Sarkozy_Royal_1http://tempsreel.nouvelobs.com édition du 27 juillet 2007

Nicolas Sarkozy et Ségolène Royal ont chacun dépensé environ 21 millions d'euros pour leur campagne présidentielle
, avec, tout de même, un léger "avantage" pour le vainqueur du scrutin, selon les comptes de campagne publiés vendredi 27 juillet au Journal officiel.

21.038.891 euros TTC, c'est le prix précis de la campagne de Nicolas Sarkozy, tandis que le montant de la campagne socialiste s'élève à 20.712.043 euros TTC. Les documents déposés par les équipes des candidats n'ont néanmoins pas été validés par la Commission nationale des comptes de campagne et des financements politiques (CNCCFP).

Le plafond maximum autorisé par la loi était de 21,594 millions d'euros.

Les dépenses des deux finalistes du scrutin présidentiel de 2007 sont largement supérieures à celles de Jacques Chirac et Jean-Marie Le Pen en 2002. Les deux candidats de l'époque avaient respectivement dépensé 18 millions d'euros et 12 millions (le plafond était alors fixé 19,8 millions).
 
 Des dépenses variables pour les autres candidats

Les autres candidats ne déclarent, quant à eux, pas nécessairement des dépenses proportionnelles au nombre de voix qu'ils ont récolté. François Bayrou et Jean-Marie Le Pen ont ainsi déclaré le même montant de dépenses (9,7 millions d'euros), pour un résultat substantiellement différent : 18,57% pour le candidat UDF, 10,44% pour le candidat FN.

De même, Marie-George Buffet (4,8 millions d'euros) dépasse de loin Philippe de Villiers (3,1 millions d'euros), alors qu'elle est arrivée derrière lui à l'élection.

Viennent ensuite au classement des dépenses Arlette Laguiller (2,1 millions d'euros), Dominique Voynet (1,4 millions d'euros), José Bové (1,2 millions d'euros), Olivier Besancenot (900.000 euros), Frédéric Nihous (800.000 euros), Gérard Schivardi (700.000 euros), là encore avec une efficacité variable au regard du nombre de voix engrangé par chacun.

Des comptes à approuver

Les comptes doivent désormais être approuvés par la Commission, pour que les candidats puissent bénéficier du remboursement prévu par la loi.

Nicolas Sarkozy, Ségolène Royal, François Bayrou et Jean-Marie Le Pen, qui ont obtenu plus de 5% des voix au premier tour, verront leurs dépenses remboursées jusqu'à un plafond de 10,8 millions pour les deux finalistes, et 8,3 millions pour les deux autres.

Les autres candidats, restés sous la barre des 5%, pourront prétendre à un remboursement allant jusqu'à 0,8 million d'euros.

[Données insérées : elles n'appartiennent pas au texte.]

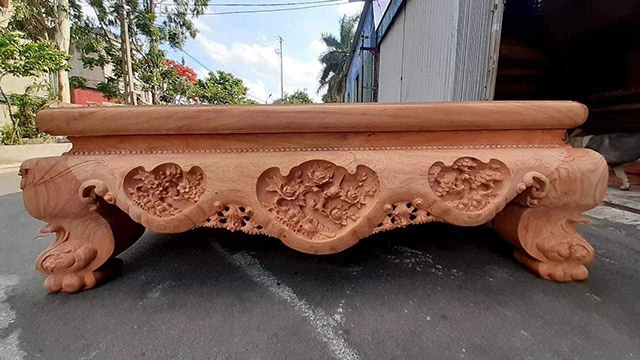Sập ba bông gỗ hương đá khi còn mộc tại xưởng.
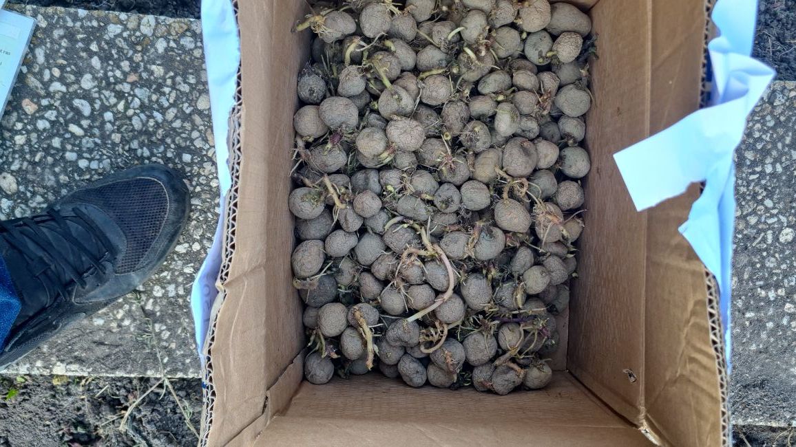 De verzender had geen pootaardpel meer. Dus moest ik op marktplaats weer gaan zoeken.

Le contrôle des dépenses des candidats est particulièrement délicat, tant il est difficile de déterminer ce qui relève des dépenses à visée purement électorale - qui doivent être inclues dans le compte de campagne - et ce qui ressort du fonctionnement normal d'un parti... ou d'une activité politique d'élu ou de membre du gouvernement.

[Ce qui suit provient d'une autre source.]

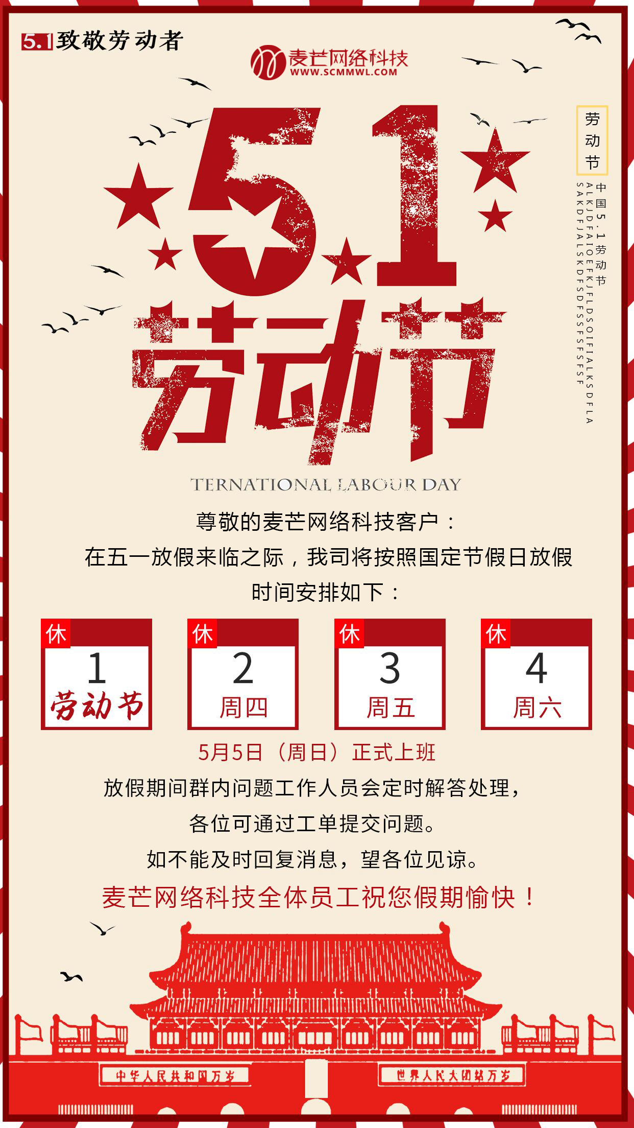 1、放假時間:2019年5月1日至2019年5月4日放假,共4天。

Le PS avait ainsi dénoncé pendant la campagne "la confusion totale" des genres de Nicolas Sarkozy, reprochant à celui qui était encore ministre de l'Intérieur d'utiliser "abondamment" policiers, voitures, préfets, ou avions.

La droite avait alors rappelé que Lionel Jospin avait été en 2002 à la fois Premier ministre et candidat.